>>>>

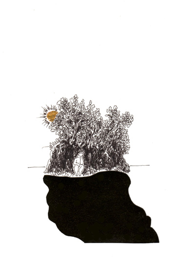 Ink and collage on Paper 7.5×11″ (18x28cm) Encre et collage sur Papier
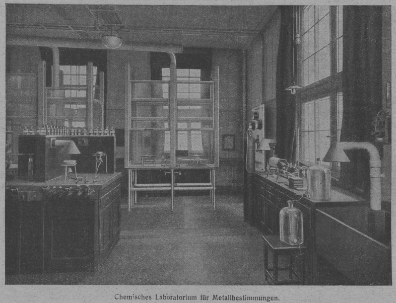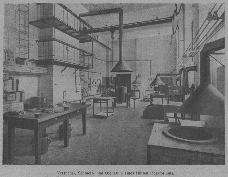 Versuchs-, Schmelz- und Ofenraum eines Hüttenlaboratoriums.
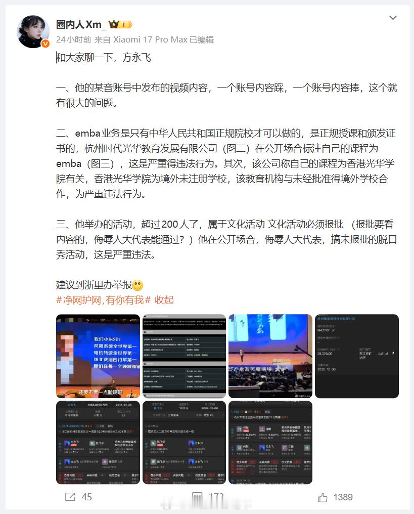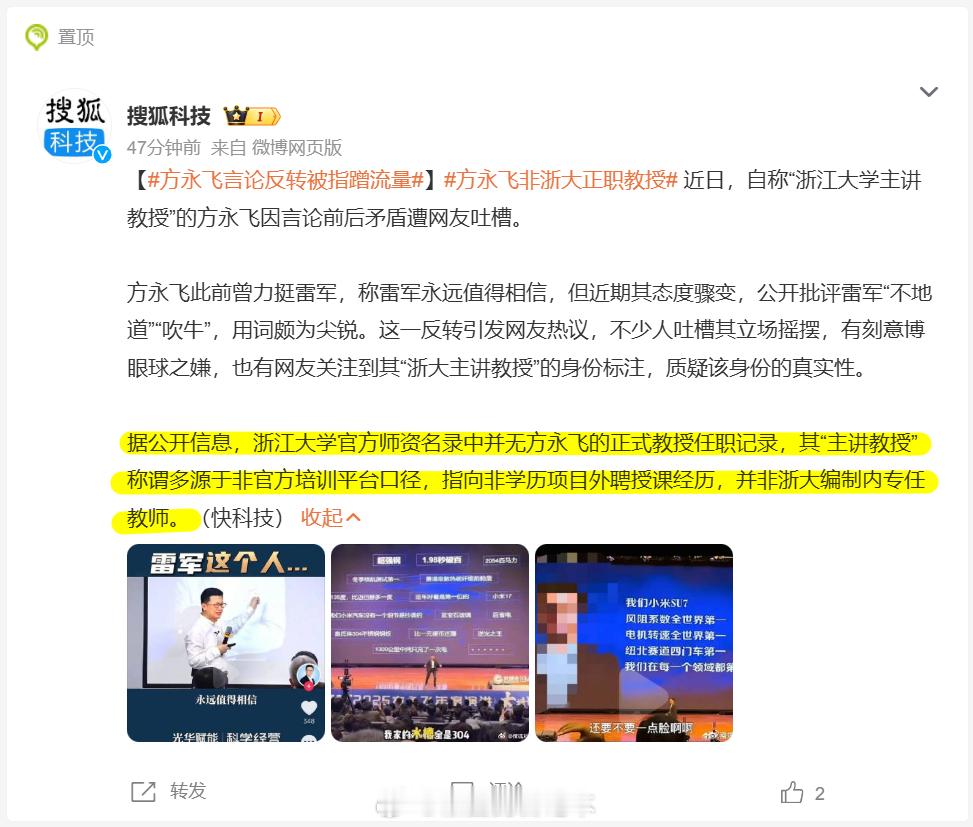 方永飞非浙大正职教授 有些群体认为方永飞“敢说真话”,到头来才发现他是一个江湖郎中?就挺幽默的。这场闹剧就跟之前那个山东村支书一个样:吃黑流量到头来只会被流量反噬!方永飞言论反转被指蹭流量
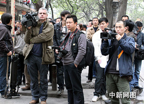 2月2日,在重庆开庭审理的文强案引起境内外记者关注。
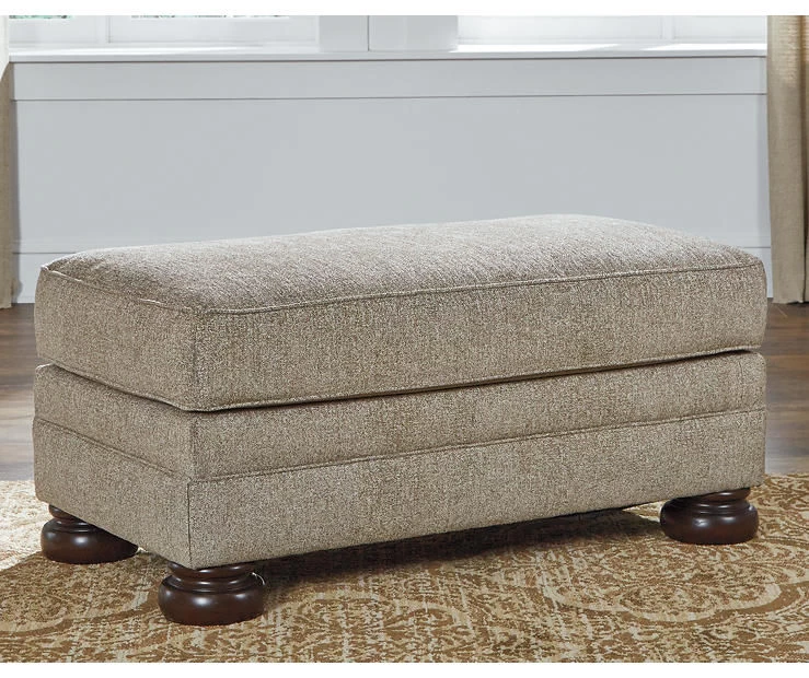 The sumptuously styled Kananwood ottoman proves that a richly traditional look doesn’t have to break the bank. Choice of a plush chenille upholstery in oatmeal is earthy elegance at its best. Distinctively turned bun feet in a dark finish add to the ottoman’s substantial presence.
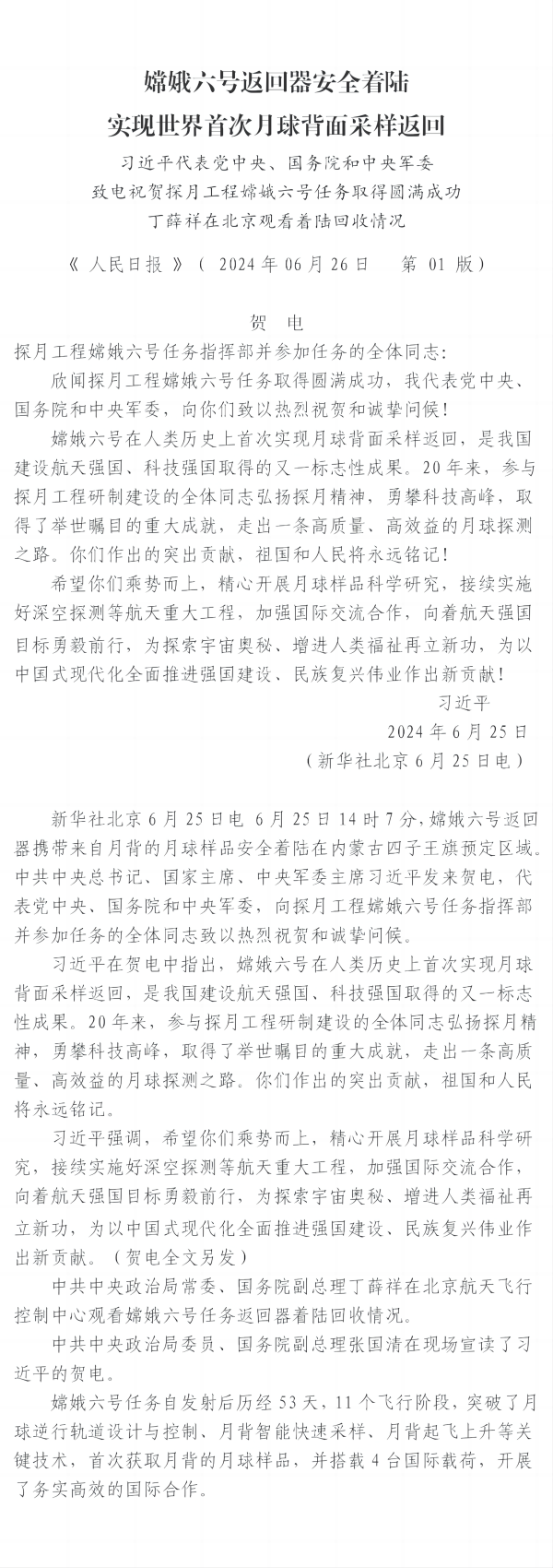 嫦娥六號(hào)返回器安全著陸 實(shí)現(xiàn)世界首次月球背面采樣返回
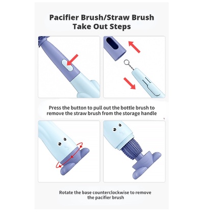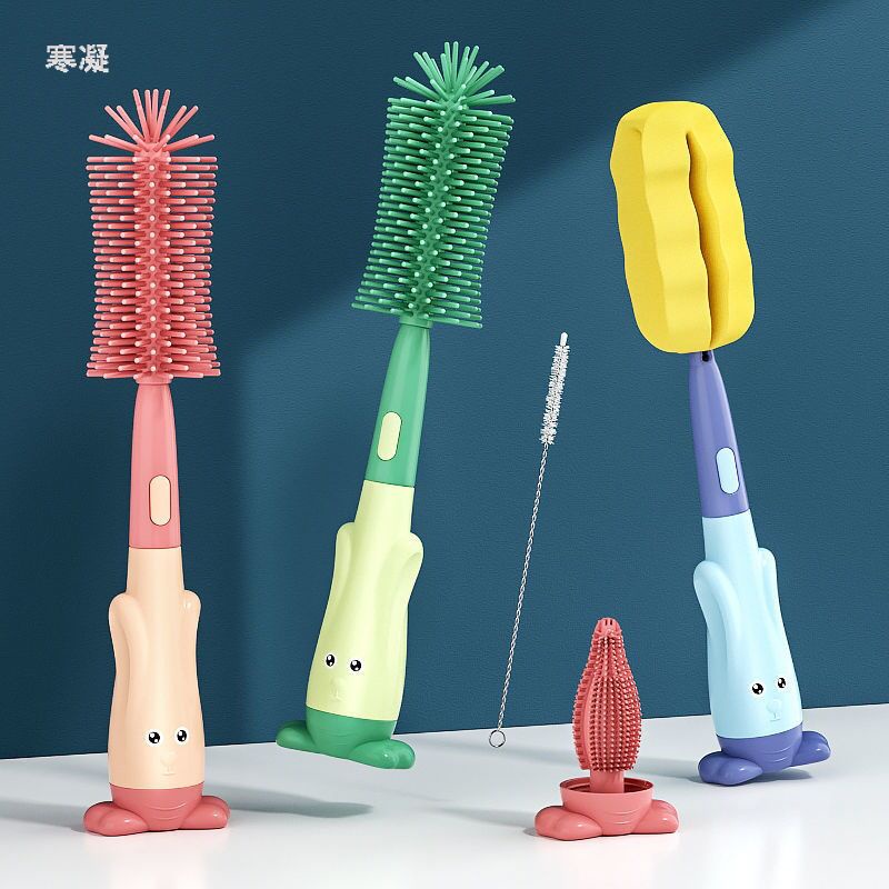 Sikat Pembersih Botol Susu Bayi 4 in 1 Multifungsi Bahan Silikon BPA FREE Dapat Berputar 360 Derajat
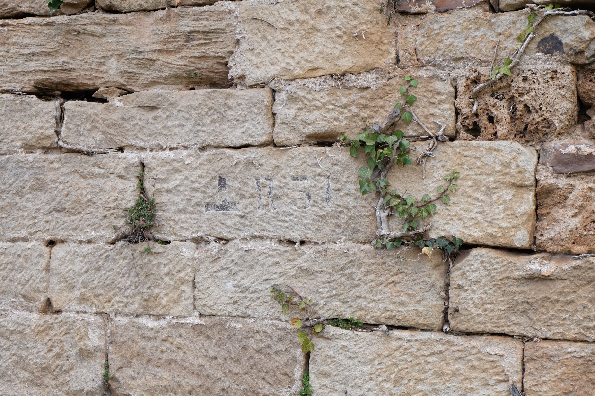La marque gravée dans la pierre se présente sous le forme d'un "T" inversé surmonté de l'inscription R31.
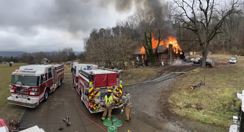 On Sunday morning (December 17, 2023), around 11:30, the Dunlap Fire Department responded to a residential fire on Tram Trail near Highway 111. The log home was constructed approximately 120 years ago.
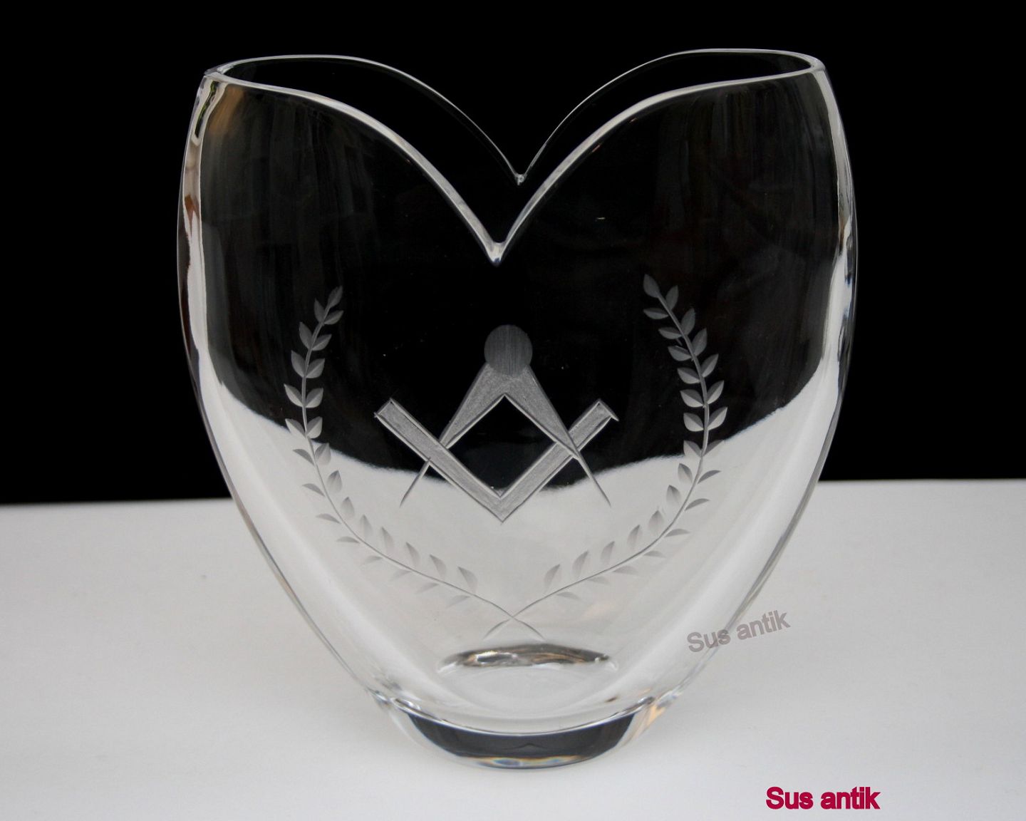 Frimurervase i tykt glas. Højde 18,5 cm. Længde 17,5 cm. Bredde 7,5 cm. Pris:
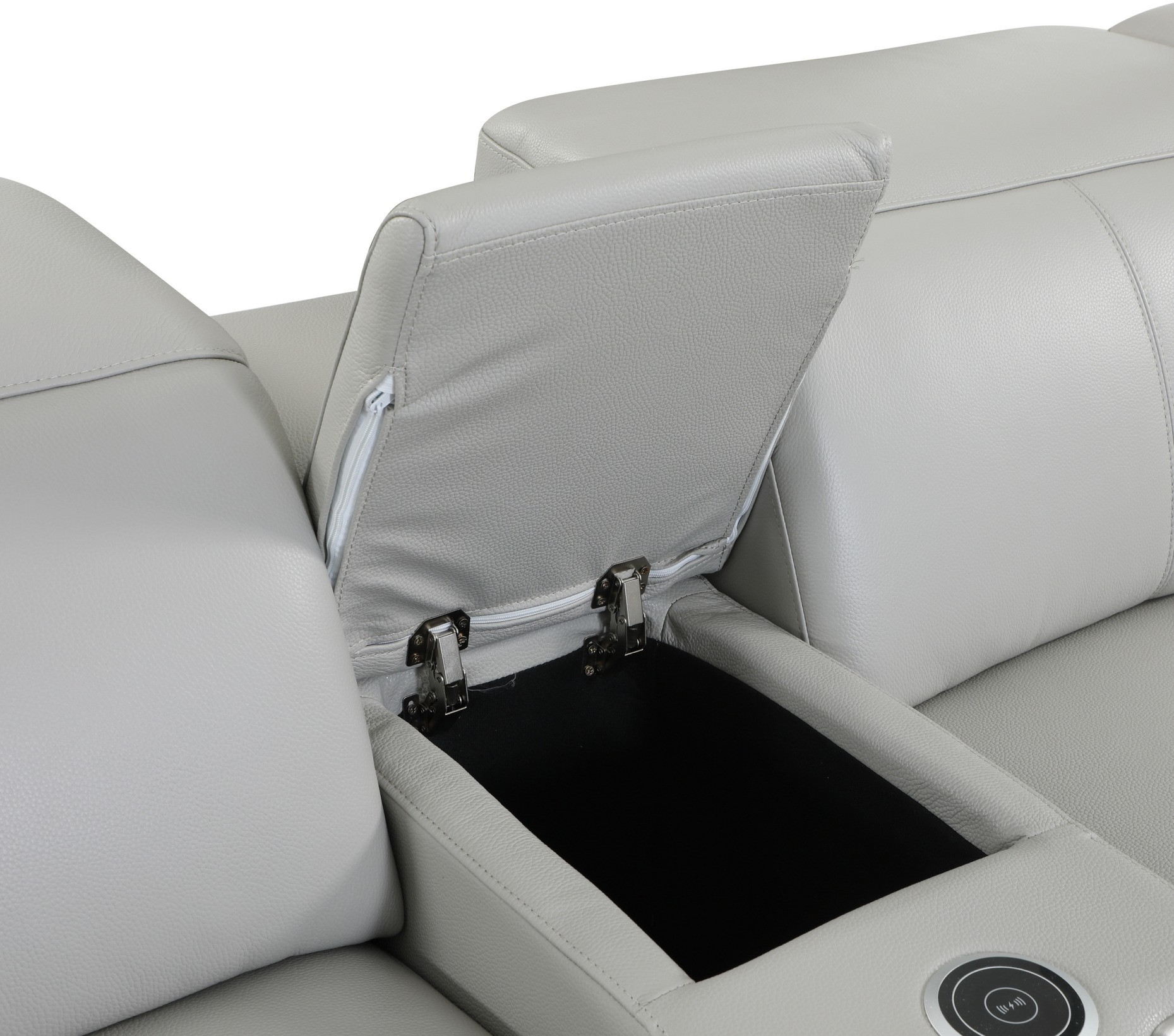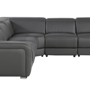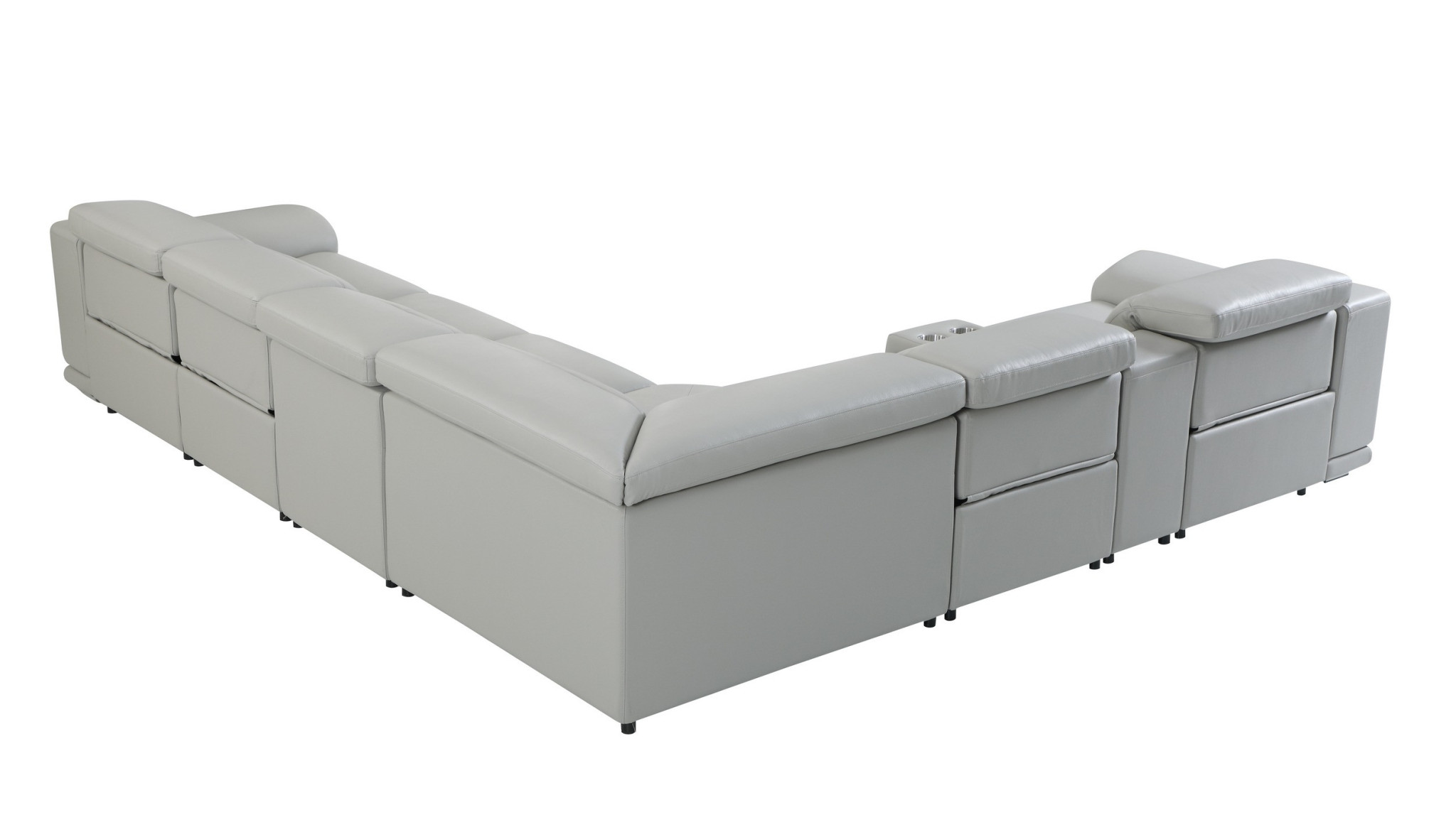 Take your relaxation to the next level with this super soft and comfortable light gray italian leather power reclining u shaped seven piece corner sectional with console. The high-end premium leather used makes your lounging luxuriously comfortable and adds an elegant appeal to your space. Solid colors give you lots of decorative options and are easy to work into your decor scheme. Square arms offer a comfy place to rest. Power – push button recline allows you to truly rest, lounge and even sleep comfortably. Silver metal legs effortlessly elevate the room and add a touch of contemporary design. Features console storage for convenience and to help keep your space tidy. A great showpiece for your room, this sectional is a must have. 35-inch H x 123-inch W x 138-inch D

<<<<

Activity: Output the entries above exactly. Do not include the pictures.

Solved problem:
 Ink and collage on Paper 7.5×11″ (18x28cm) Encre et collage sur Papier
 Versuchs-, Schmelz- und Ofenraum eines Hüttenlaboratoriums.
 方永飞非浙大正职教授 有些群体认为方永飞“敢说真话”,到头来才发现他是一个江湖郎中?就挺幽默的。这场闹剧就跟之前那个山东村支书一个样:吃黑流量到头来只会被流量反噬!方永飞言论反转被指蹭流量
 2月2日,在重庆开庭审理的文强案引起境内外记者关注。
 The sumptuously styled Kananwood ottoman proves that a richly traditional look doesn’t have to break the bank. Choice of a plush chenille upholstery in oatmeal is earthy elegance at its best. Distinctively turned bun feet in a dark finish add to the ottoman’s substantial presence.
 嫦娥六號(hào)返回器安全著陸 實(shí)現(xiàn)世界首次月球背面采樣返回
 Sikat Pembersih Botol Susu Bayi 4 in 1 Multifungsi Bahan Silikon BPA FREE Dapat Berputar 360 Derajat
La marque gravée dans la pierre se présente sous le forme d'un "T" inversé surmonté de l'inscription R31.
 On Sunday morning (December 17, 2023), around 11:30, the Dunlap Fire Department responded to a residential fire on Tram Trail near Highway 111. The log home was constructed approximately 120 years ago.
 Frimurervase i tykt glas. Højde 18,5 cm. Længde 17,5 cm. Bredde 7,5 cm. Pris:
 Take your relaxation to the next level with this super soft and comfortable light gray italian leather power reclining u shaped seven piece corner sectional with console. The high-end premium leather used makes your lounging luxuriously comfortable and adds an elegant appeal to your space. Solid colors give you lots of decorative options and are easy to work into your decor scheme. Square arms offer a comfy place to rest. Power – push button recline allows you to truly rest, lounge and even sleep comfortably. Silver metal legs effortlessly elevate the room and add a touch of contemporary design. Features console storage for convenience and to help keep your space tidy. A great showpiece for your room, this sectional is a must have. 35-inch H x 123-inch W x 138-inch D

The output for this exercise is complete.